L’identité, un concept embarrassant

Pour commencer, demandons-nous ce que signifie le

concept d’identité. Dans son enquête analytique, Vincent

Descombes pose que celui-ci peut s’entendre en trois sens

différents, ce qui en fait une véritable «énigme lexicale»7.

C’est cette énigme (comment un même concept peut-il

porter des sens si différents?) qu’il faut d’abord exposer afin

de savoir si la notion d’identité professionnelle peut être

clairement définie.

L’identifiant

En un premier sens, l’identité est résumée par la série des

identifiants qui permettent de nommer et de reconnaître

une entité. Décliner son identité, c’est s’identifier, se faire

reconnaître au moyen d’une convention: par exemple un

nom et un prénom, un numéro, un code, un titre (et de

façon complémentaire: des traits physiques distinctifs, des

empreintes, un signalement, une combinaison d’ADN, etc.).

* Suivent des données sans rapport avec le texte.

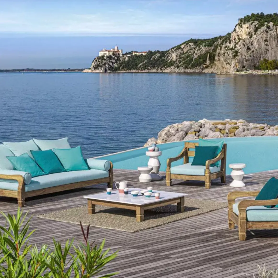 Matériaux : éco-teck et marbre blanc de Carrare

En clair, c’est ici le sens utilisé par l’état civil et les fichiers

policiers. C’est aussi la conception hégémonique sur les

applications informatiques et sur le réseau internet: avec

son login et son code, une personne peut s’identifier, c’est-

à-dire laisser penser qu’elle est bien celle qu’elle prétend

être – et donc qu’elle doit être reconnue comme telle,

même si elle usurpe habilement l’identité utilisée.

Ce premier sens, à l’évidence, ne nous renseigne guère sur

la nature de l’identité professionnelle d’un éducateur ou

d’un enseignant. S’il s’agit d’identifier un enseignant (par

7 Descombes,V., Les embarras de l’identité, Paris: Gallimard, 2013, p. 15.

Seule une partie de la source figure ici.